*** Provided information Section Begins ***

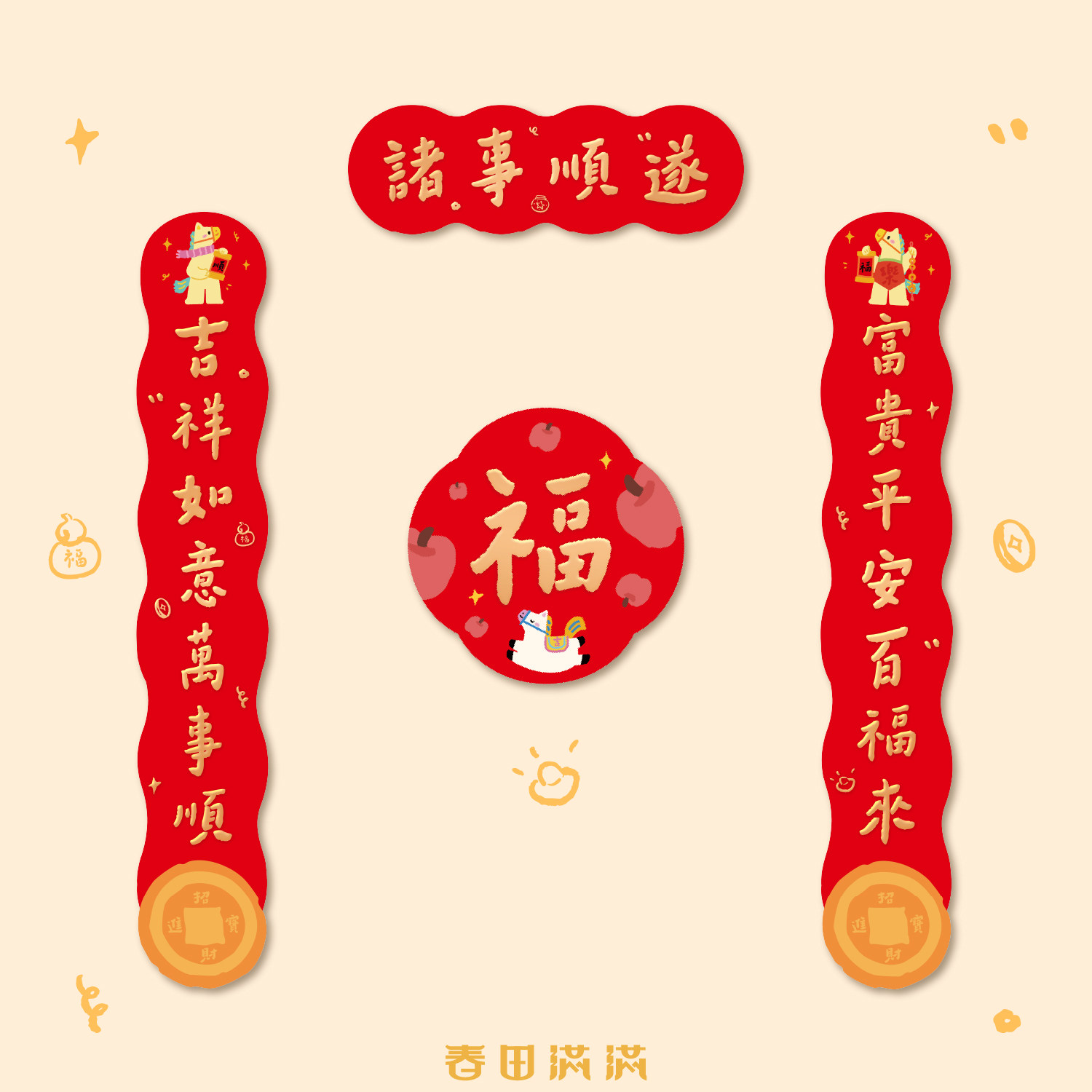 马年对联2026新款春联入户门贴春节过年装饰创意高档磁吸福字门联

*** Provided information Section Ends ***
*** Provided information Section Begins ***

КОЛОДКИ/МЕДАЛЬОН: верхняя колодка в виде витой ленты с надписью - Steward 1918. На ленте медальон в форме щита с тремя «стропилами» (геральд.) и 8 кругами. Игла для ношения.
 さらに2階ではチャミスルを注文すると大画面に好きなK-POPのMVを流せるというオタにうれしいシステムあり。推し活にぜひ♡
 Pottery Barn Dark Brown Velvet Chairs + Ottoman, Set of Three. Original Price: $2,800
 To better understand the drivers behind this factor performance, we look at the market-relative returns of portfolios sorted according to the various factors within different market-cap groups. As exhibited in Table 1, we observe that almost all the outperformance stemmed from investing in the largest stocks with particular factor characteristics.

*** Provided information Section Ends ***

# What you have to do
Looking at the entries above, can you reproduce exactly the lines from the one that holds "Pottery Barn Dark" through the one that holds "To better understand", and only those?

# Problem solution
 Pottery Barn Dark Brown Velvet Chairs + Ottoman, Set of Three. Original Price: $2,800
 To better understand the drivers behind this factor performance, we look at the market-relative returns of portfolios sorted according to the various factors within different market-cap groups. As exhibited in Table 1, we observe that almost all the outperformance stemmed from investing in the largest stocks with particular factor characteristics.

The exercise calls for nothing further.